Tropes in the setting:

  • Alien Geometries: The Eighth, the game world, can be best described as a pocket universe the shape of a pizza slice: walk onto another "slice", you're back where you started. Walk off the outer edge, you implode back into the center. Dig down far enough, you fall into empty space and land back on the surface.

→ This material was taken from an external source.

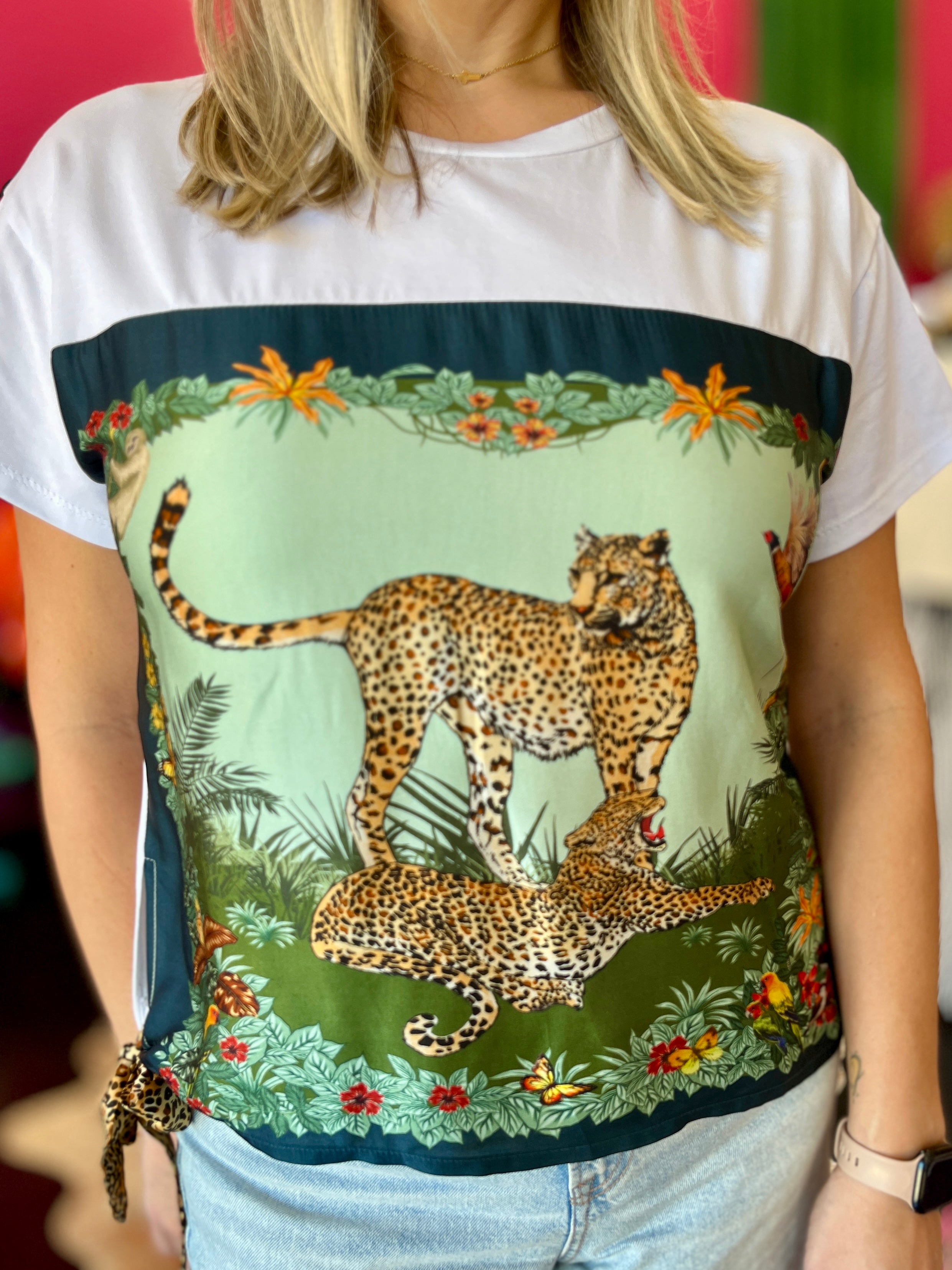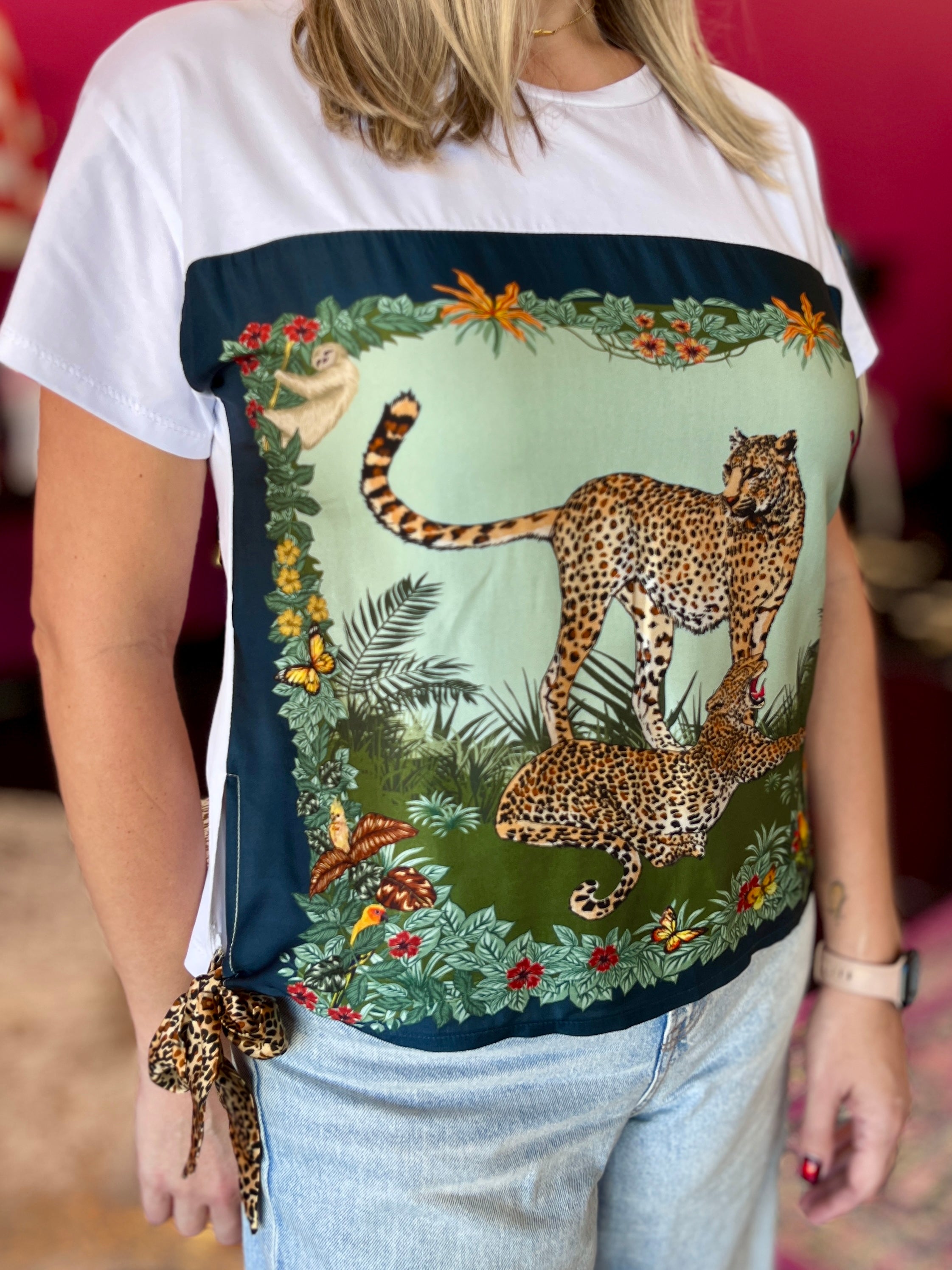 Step out with confidence in the Welcome to the Jungle White Tee, featuring a playful leopard scarf design that makes it truly one of a kind. This tee effortlessly blends comfort with a touch of wild style, perfect for adding a fun twist to your everyday look. Let your outfit do the talking and turn heads wherever you go!

  • Armor Is Useless: Smitemasters explicitly go without any meaningful armor, trading it for speed and mobility. For all the armor any friendly or enemy soldiers have, they are all One Hit Point Wonders too. However, some monsters (wubbas, intact fegundos, segments of serpents) have invulnerability to swords, averting this trope.
  • Beneath the Earth: The default setting for most dungeons, but from Architects' Edition forward it's possible to create settings that are more and more convincing aboveground locations.
  • Call a Rabbit a "Smeerp": Fegundos are always referred to as such in the game and forums, but they're clearly phoenixes.
  • Clock Punk: The technology level is mostly medieval-level with some advances in mechanics, city planning and architecture.
  • Gonk: "The Fat Guy With The Big Lips And Pimply Nose" describes Beethro exactly. Beethro is ugly both out-of and in-universe.
  • Hold Your Hippogriffs: Beethro often uses words such as "greb" "frack" and "Jebus". It might be worth noting that the saltiest thing he's ever said when Halph was present is "flaming fegundo".
  • Low Fantasy: There isn't anything explicitly magical in this setting, but with orbs and Pressure Plates that shoot lightning at doors to open them, regenerating fegundos, and potions that, when drunk, cause a double of a person to appear out of thin air, there's some stuff that nobody's yet explained with science.
  • Schizo Tech: The surface kingdoms are in the Middle Ages, but the Underground Empire canonically has radios and advanced genetic engineering available.
  • You Are Number 6: Everyone in the Rooted Empire. All names consist of a profession and a rank within that profession, for example 39th Slayer. If you don't have a job, you are The Nameless.